Saint-Simon fut l’artisan d’une pensée moderniste, résolument attachée au progrès et à la lutte contre tous les conservatismes, sans toutefois renier une forme de transcendance. Les points communs avec le logiciel intellectuel d’Emmanuel Macron sont nombreux, détaille Frédéric Rouvillois, délégué général de la Fondation du Pont-Neuf, dans une interview au FigaroVox au sujet de son ouvrage Liquidation, tout juste paru aux éditions du Cerf.
FIGAROVOX.- Qu’est-ce que la doctrine saint-simonienne? Et quelle est la parenté entre le saint simonisme du XIXe siècle et les positions d’Emmanuel Macron ?

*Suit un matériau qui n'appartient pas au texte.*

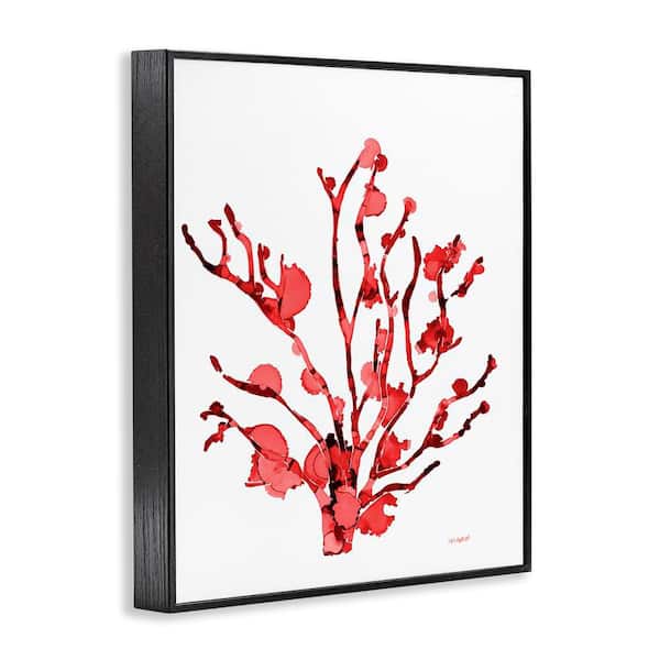 Coral With Splashes by Patti Mann Black Framed Coastal Giclee Art Print 30 in. x 24 in.
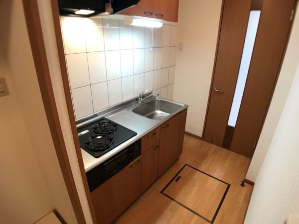 キッチンは廊下にあり、洋室とは別々になっていますので料理のにおいが室内に入ってきにくいという利点があります。
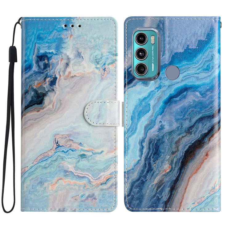 Estuche de Cuero para Motorola Moto G60 con Dibujo Coloreado Mármol Azul

Frédéric ROUVILLOIS.- On pourrait commencer par noter que le saint-simonisme, que Karl Marx qualifiait de «socialisme utopique», n’est pas une doctrine au sens strict du terme, avec la rigidité conceptuelle et la cohérence interne qu’implique un tel mot. Sans doute les disciples de Saint-Simon, dans les années qui ont suivi sa mort en 1825, ont-ils voulu en constituer une, en même temps qu’une école, et même qu’une religion: mais l’ensemble a finalement explosé dans de nombreuses directions dès le début des années 1830. Et au total, on serait tenté de parler plutôt d’une nébuleuse idéologique, d’une sensibilité, d’une tendance et d’une méthode saint-simonienne. Cette doctrine qui n’en est pas une, pourrait se résumer ( bien que Saint-Simon n’emploie pas ces termes) en une combinaison de socialisme et de libéralisme ; ou mieux encore, en la qualifiant de progressisme: un progressisme qui voit dans le développement de la science, de la technique, du commerce et de l’industrie, le moteur déterminant de l’émancipation et du bien-être universels. Si cette doctrine, contrairement à tant d’autres, n’a pas disparu dans les oubliettes de l’histoire, et si tant de contemporains, intellectuels, hommes d’affaires ou politiques éminents, continuent aujourd’hui de s’en réclamer plus ou moins explicitement, c’est parce que ce programme, esquissé par Saint-Simon et systématisé par ses disciples, a ensuite été mise en œuvre par ces derniers dans le cadre de la Révolution industrielle – une expression qu’ils sont d’ailleurs les premiers à utiliser dès 1831. Les saint-simoniens vont être en effet les principaux acteurs de l’industrialisation de la France, de l’essor du machinisme et du développement des réseaux, réseaux de transports (canaux, chemins de fer), réseaux financiers (grande banque, crédit) et réseaux humains (urbanisation, etc ): bref, ils seront les initiateurs d’une modernisation à marche forcée poursuivie avec d’autant plus d’énergie qu’ils lui donnent une valeur à la fois économique, politique, sociale et morale (le travail est sanctifié, car lui seul permet à l’homme de s’accomplir et de se libérer).